The Weapons Culture

excerpted from the book

Beyond Hypocrisy

by Edward S. Herman

published by South End Press, 1992

 

Defense, Containment, Aggression, and National Security

At the end of World War II, the United States enjoyed a historically l unique position of global power. The war had revived its previously depressed economy, teaching a lesson in "Military Keynesianism" that was quickly incorporated into establishment practice, if not thought. The war had also seriously weakened U.S. rivals: enemies Germany and Japan were defeated and devastated physically, and allies like Great Britain, France, and the Soviet Union were also debilitated. The Soviet Union had been ravaged and suffered enormous casualties. Maintaining a large army, but exhausted and in no position to challenge the United States, the Soviet Union insisted only on preserving a security zone of dominated governments occupied at the end of the war and from which attacks had been launched against it.

In the Third World, the United States was confronted with popular movements threatening to break out of centuries-long subservience, exploitation, and oligarchic-colonial rule. The United States was well positioned to fight against these popular upheavals and to enlarge its own spheres of influence, which it did on a global basis from 1945 onward. In the process, it often displaced its own allies as the dominant power in important colonial areas like Saudi Arabia, Iran, Indochina, Pakistan, Thailand, and Indonesia, among other places.

U.S. leaders were, for the most part, well aware of their power and opportunity, and of Soviet weakness.' National Security Council Report 68, prepared just before the beginning of the Korean War in 1950, spelled out a "roll-back" strategy in which a rearmed United States would engage in systematic subversion of the Soviet satellite states, and even of the Soviet Union itself, by means that included the support of armed revolt. the United States was actively involved in roll-back operations in 1949 under a CIA program of organizing guerrilla bands of "former SS men" and ClA-trained Ukrainian operatives within the Soviet Union, parachuting in military supplies. These operations, along with the reconstruction of the Nazi intelligence apparatus of Reinhard Gehlen as the official espionage corps of the new West German state, also prior to the Korean war, were not featured in the U.S. media. The Korean war came along very opportunely to help justify the desired arms buildup.

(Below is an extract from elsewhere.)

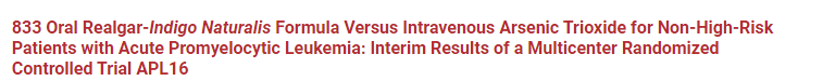 ASH 2022丨王怀宇教授:复方黄黛片(RIF) vs亚砷酸(ATO)治疗中低危APL:多中心RCT APL16研究中期结果
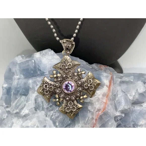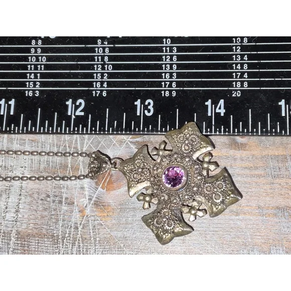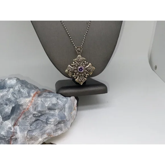 This beautiful JERUSALEM CROSS pendant is made of 925 sterling silver and comes with a 24-inch 925 chain. The pendant features a round amethyst stone and a stunning bezel setting...

NSC 68 was similar to the Reagan era Pentagon "Defense Guidance, 1984 88" report, which also spelled out a program of active destabilization of the Soviet empire by the deliberately beggaring effects of an arms race as well as by aid to armed groups within the Soviet bloc. The significance of these documents is that they presume an offensive U.S. policy against an enemy perceived as vulnerable; they project U.S. plans to subvert and "bury" the Soviet Union. NSC-68 does speak of the Soviet design to conquer the world, but this was an ideological construct that provided the necessary dire threat to rationalize a forward strategy. NSC 68, like the Reagan era Defense Guidance statement, rests on the assumption of Soviet weakness and vulnerability, and does not use language suggesting fear of aggression and attack. This is why these documents have been essentially suppressed in mainstream media and discourse, which instead gave great play to the rhetorical boast of Khrushchev that "I am going to bury you."

The national security elite also recognized in NSC 68 that taking advantage of the positive opportunities open to the United States required a large military force and mobilized population. Doublespeak embedded in a convenient matrix of anticommunist ideology was essential, as the U.S. establishment was obliged to pretend (or internalize the belief) that the huge global expansion of the U.S. political economy on which they had embarked was "defensive" and responsive to some external threat; that we were "containing" somebody else who was committing "aggression" and threatening our "national security."

The words and phrases "defense," "containment," "aggression," and "national security" are core items in the doublespeak lexicon, essential ingredients of the ink squirted out by the imperial cuttlefsh. They deflected thought from the pro active and purposeful aspects of U.S. foreign policy, the locus of the determining initiatives in the arms race and conflict, the source of the bulk of the killing, and the extent to which the fight was against indigenous, popular, and democratic movements abroad. Epitomizing the new world of doublespeak was the change in name of the War Department to the Defense Department in 1947, just at the historic juncture when the United States was embarking on a global offensive to reshape the world in accord with its dominant corporate interests (not in "our image," as in the common apologetic formulation).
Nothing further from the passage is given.